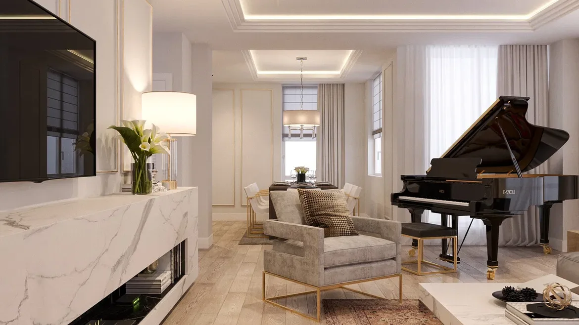 The apartment now feels polished, bright, and timeless. The living room reads as a luxurious yet inviting space, anchored by the marble fireplace and layered lighting. Soft neutrals, warm metallic accents, and custom millwork work together to create an interior that feels both elegant and livable— perfect for everyday comfort as well as entertaining.
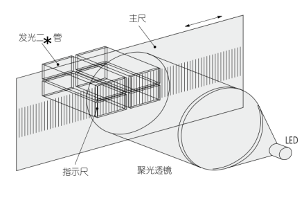 光栅式线性测微计主要使用传动型光电线性编码器,如下图所示。在这个类型中,光源 (LED) 和检测器要素 (发光二 管) 彼此相对,主尺和指示尺 (20µm 间距) 在它们之间。
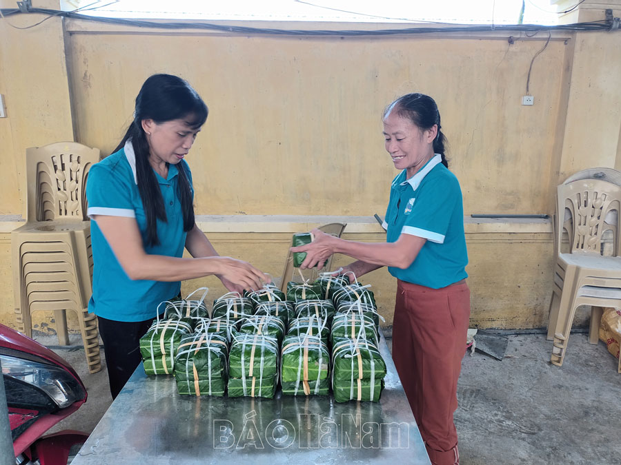 Phát huy tinh thần “tương thân tương ái”, “lá lành đùm lá rách”, cán bộ, hội viên phụ nữ trong xã đã ủng hộ gạo nếp, đậu, thịt, lá dong... gói 245 chiếc bánh chưng. Sau khi luộc chín, ngày 14/9 Hội LHPN xã sẽ tổ chức vận chuyển gửi tới người dân vùng Tây Đáy đang gặp nhiều khó khăn.
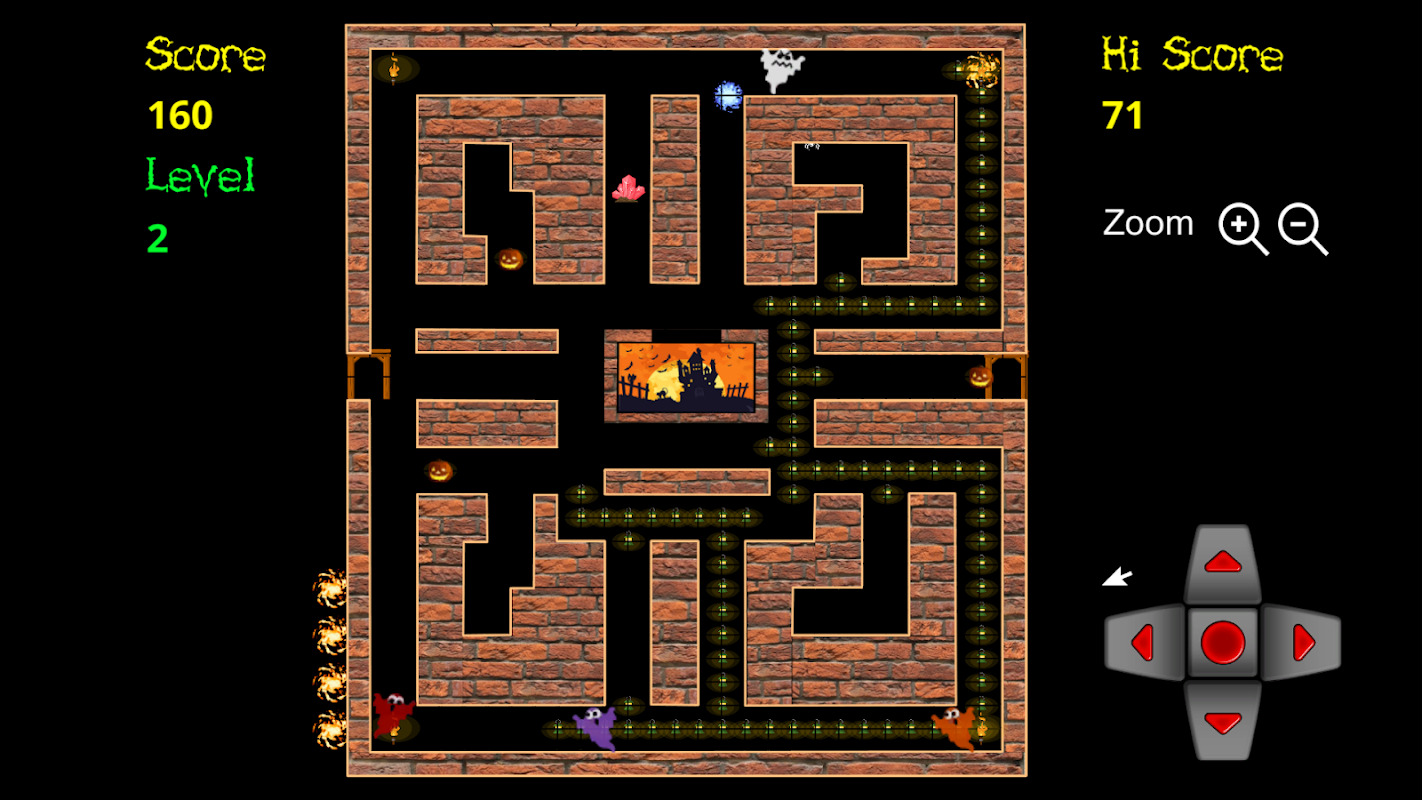 Light all the lamps in the maze to banish the spectres. Get the pumpkins to weaken the spectres, then chase them all. Get crystals for bonus points and hearts for extra lives. Make sure you get to ectoplasm before they do, or they will turn very nasty! Get to checkpoints to save your progress, zoom in for smaller mobile devices.
● ● ● ●
Directions | Give back exactly the lines from the line with "光栅式线性测微计主要使用传动型光电线性编码器,如下图所示。在这个类型中,光源 (LED) 和检测器要素" through the end of the material above, inclusive, with no pictures.

Task solution |
 光栅式线性测微计主要使用传动型光电线性编码器,如下图所示。在这个类型中,光源 (LED) 和检测器要素 (发光二 管) 彼此相对,主尺和指示尺 (20µm 间距) 在它们之间。
 Phát huy tinh thần “tương thân tương ái”, “lá lành đùm lá rách”, cán bộ, hội viên phụ nữ trong xã đã ủng hộ gạo nếp, đậu, thịt, lá dong... gói 245 chiếc bánh chưng. Sau khi luộc chín, ngày 14/9 Hội LHPN xã sẽ tổ chức vận chuyển gửi tới người dân vùng Tây Đáy đang gặp nhiều khó khăn.
 Light all the lamps in the maze to banish the spectres. Get the pumpkins to weaken the spectres, then chase them all. Get crystals for bonus points and hearts for extra lives. Make sure you get to ectoplasm before they do, or they will turn very nasty! Get to checkpoints to save your progress, zoom in for smaller mobile devices.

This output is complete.